Supplied data: Begin

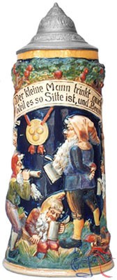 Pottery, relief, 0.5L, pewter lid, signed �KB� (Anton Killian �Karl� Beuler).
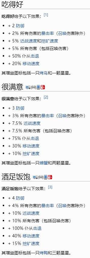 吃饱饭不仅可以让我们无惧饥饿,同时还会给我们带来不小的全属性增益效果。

Supplied data: End
Supplied data: Begin

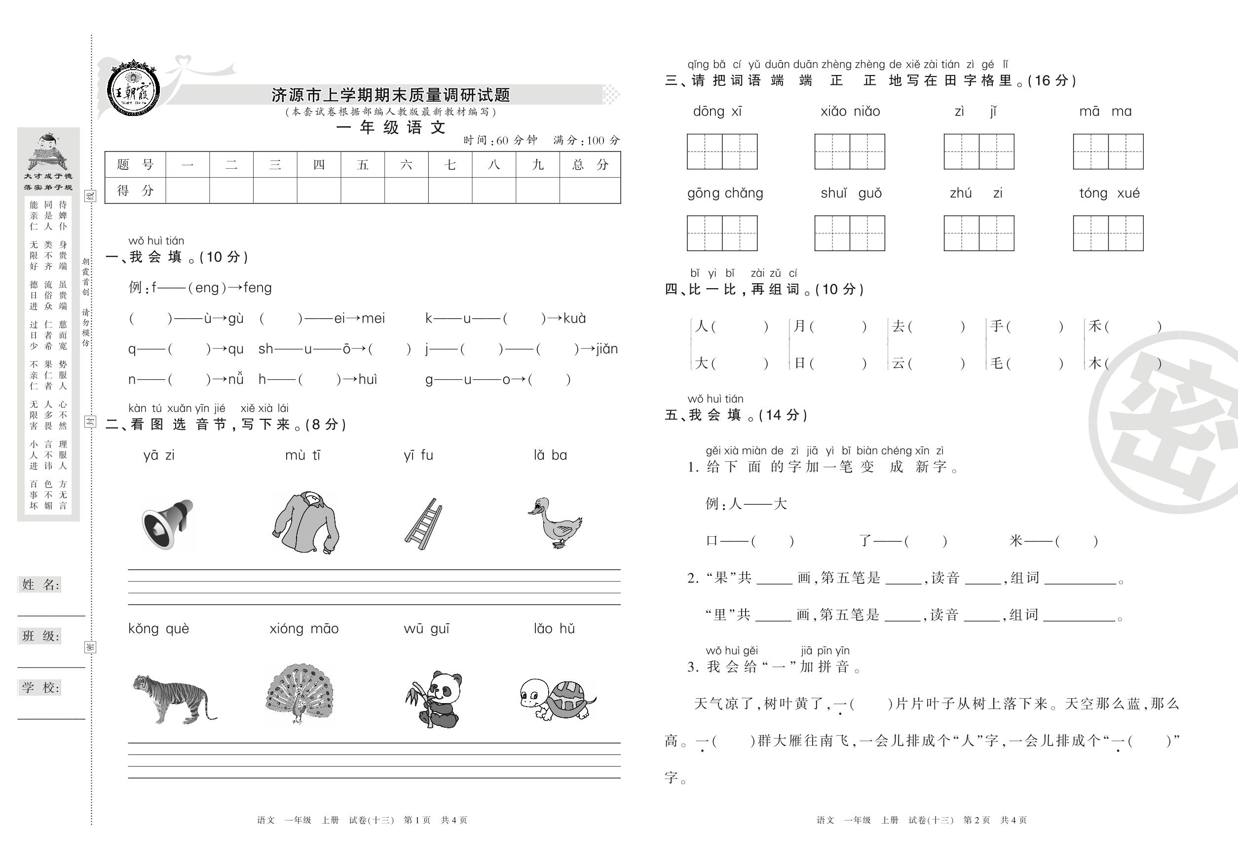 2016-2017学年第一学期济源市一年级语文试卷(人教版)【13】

Supplied data: End
Supplied data: Begin

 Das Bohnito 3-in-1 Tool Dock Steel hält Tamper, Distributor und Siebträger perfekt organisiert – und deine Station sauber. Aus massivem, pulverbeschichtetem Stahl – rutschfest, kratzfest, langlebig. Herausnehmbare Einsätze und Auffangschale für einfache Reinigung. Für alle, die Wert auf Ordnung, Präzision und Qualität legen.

Supplied data: End

* **Exercise aim**
Out of the records above, please copy exactly the lines from the line with "Pottery, relief, 0.5L, pewter" up to and including the line with "吃饱饭不仅可以让我们无惧饥饿,同时还会给我们带来不小的全属性增益效果。", minus the pictures.

* **Task solution**
 Pottery, relief, 0.5L, pewter lid, signed �KB� (Anton Killian �Karl� Beuler).
 吃饱饭不仅可以让我们无惧饥饿,同时还会给我们带来不小的全属性增益效果。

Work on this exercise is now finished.